内藤さんは現代建築を、環境との関係を断ち切った宇宙船のようだと批判しているし、建てた瞬間がいちばん美しい建築をつくりたいとは思っていない、とも書いている。このことから、「建築には環境との応答関係が必要である」と「建築は時間の流れの中で育まれる」このふたつの章タイトルに現代建築を批判した内藤さんの建築観が明確に表れている、と理解できる。
「海の博物館」や「安曇野ちひろ美術館」は、内藤さんの建築観が体現された秀作だと思う。今、私がいちばん見学したいのは「牧野富太郎記念館」だ。高知県にあるこの記念館は魚の骨のような架構が美しい。事実この記念館の構想中にヒラメの骨が浮かんだという。

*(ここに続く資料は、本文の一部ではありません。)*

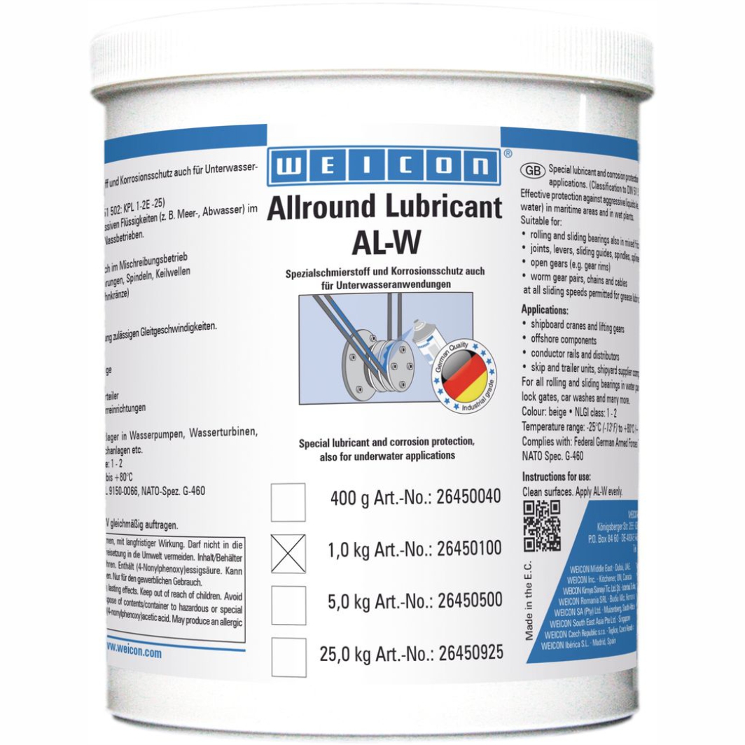 WEICON AL-W bietet wirksamen Schutz vor aggressiven Flüssigkeiten, wie Meer- oder Abwasser, sowohl im maritimen Bereich als auch in Nassbetrieben. Der Schmierstoff eignet sich für Wälz- und Gleitlager auch im Mischreibungsbetrieb, Gelenke, Hebel, Gleitführungen, Spindeln, Keilwellen, offene Getriebe, Schneckengetriebe, Ketten und Drahtseile 13 bei allen für die Fettschmierung zulässigen Gleitgeschwindigkeiten.
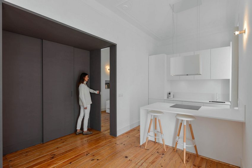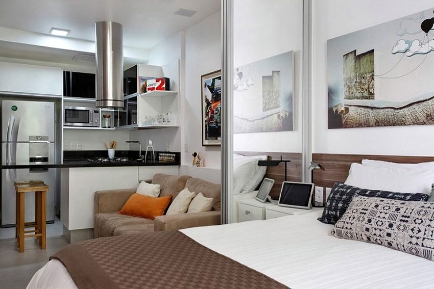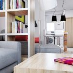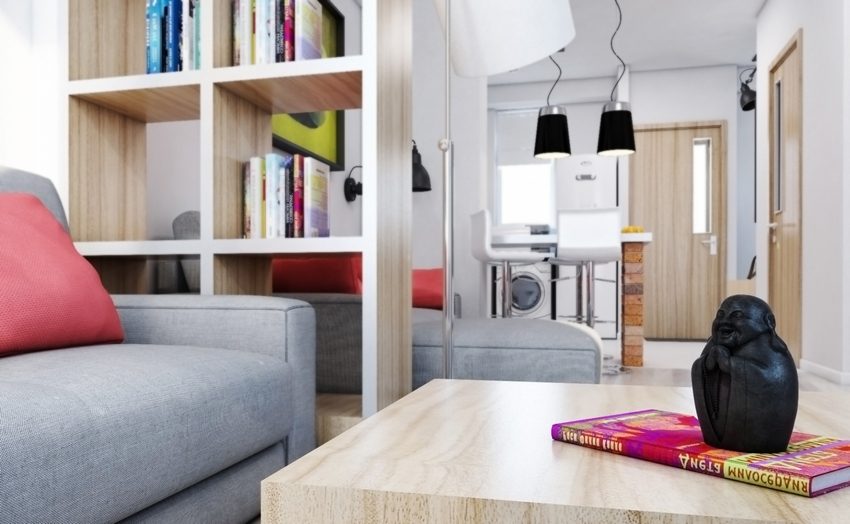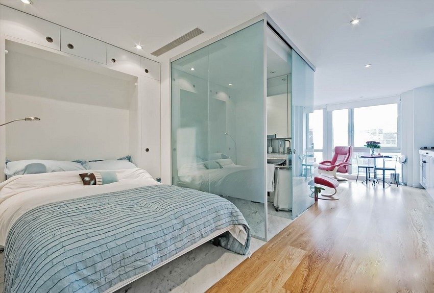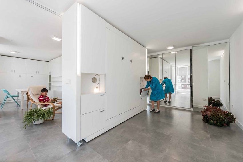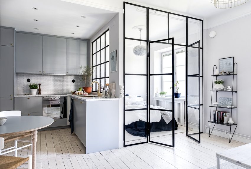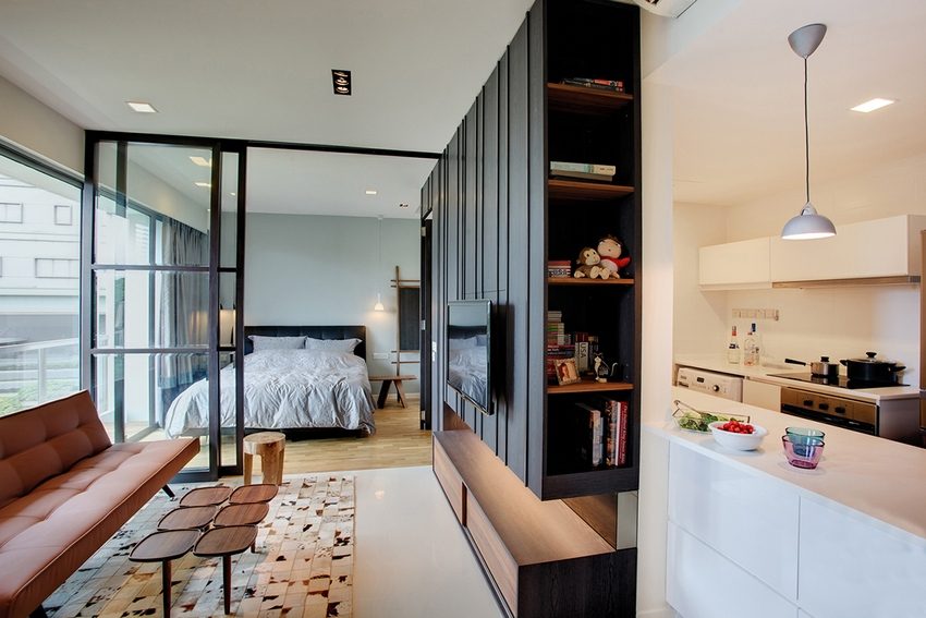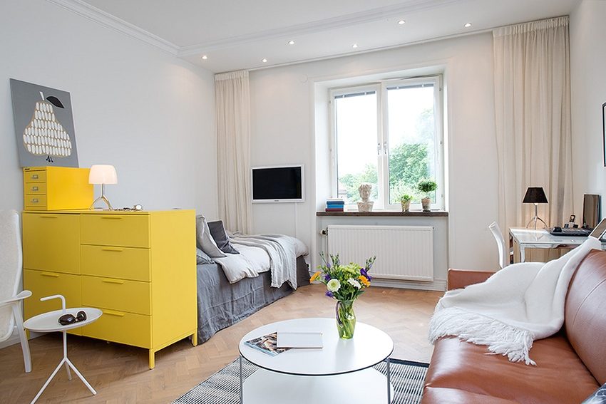לא נדרש מקום רב לפתיחת דלת נדנדה, אך ארון מעבר או שלם עם דלת הזזה יספק חיסכון מרבי במקום שמיש. באזור ליד החלון תוכלו להצטייד בסלון ובחצי השני לצייד חדר שינה. כדי לספק לחדר השינה תאורה מספקת, תוכלו לצייד את המחיצה במנורות LED.
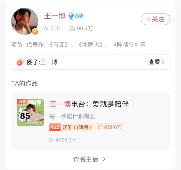 王一博在喜马拉雅上已累积超过90万粉丝。 图片来源:喜马拉雅
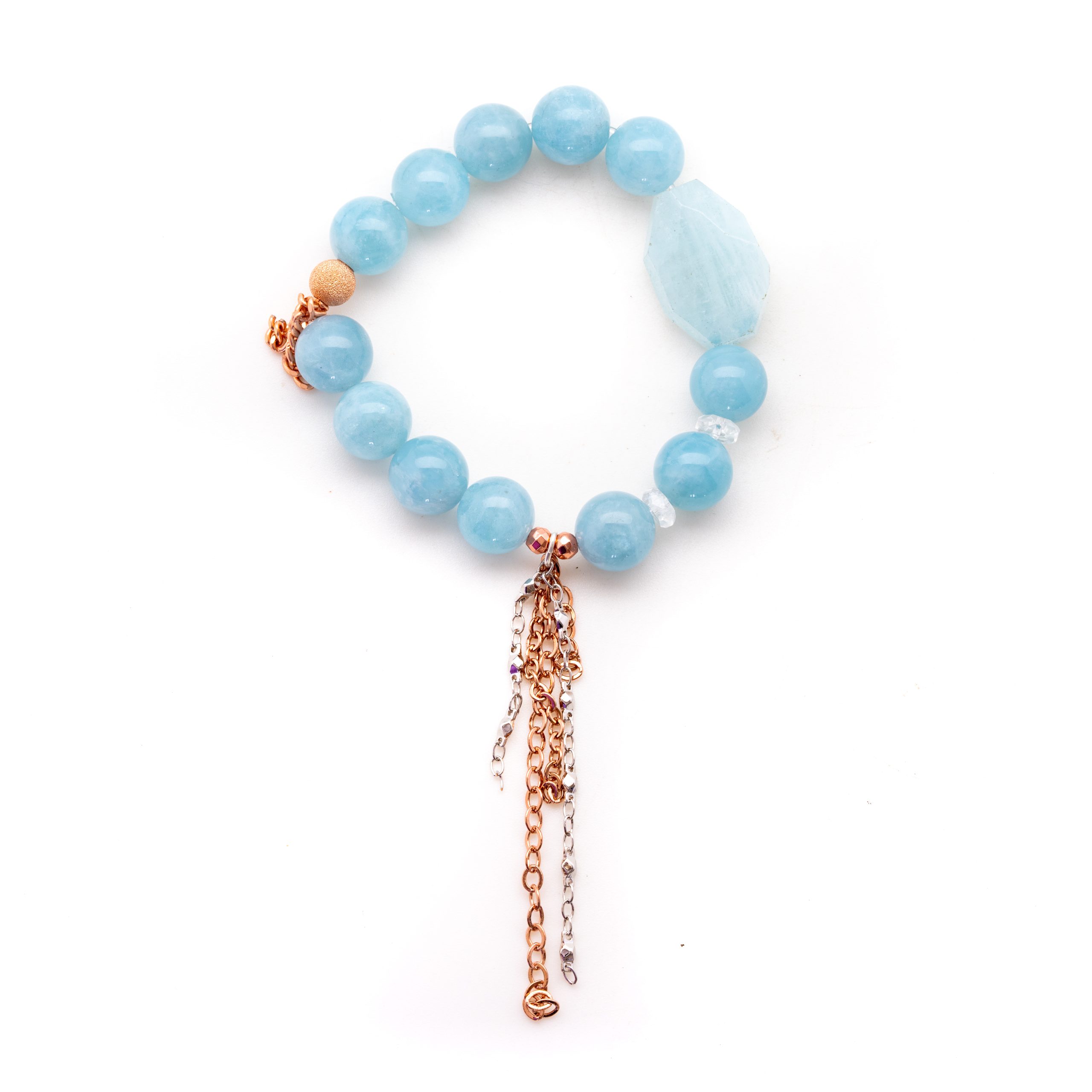 Aquamarine to support the throat chakra – with a 18kt rose gold stardust accent bead and rhodium tasseling. 12mm 7″ stretch bracelet.

きれいに食べて頭と骨だけになった魚を美しいと思うかどうかは、個人の感性によるだろう。
『建築的思考のゆくえ』は松岡正剛氏の千夜千冊*1にも、とりあげられている(このサイトをご存知でない方は千夜千冊で検索してみてください)。
このサイトで松岡氏は川上弘美の『センセイの鞄』もとりあげている。^^v
*1 千冊(実際には千冊以上)の本の評論。松岡氏の博識ぶりには驚嘆する。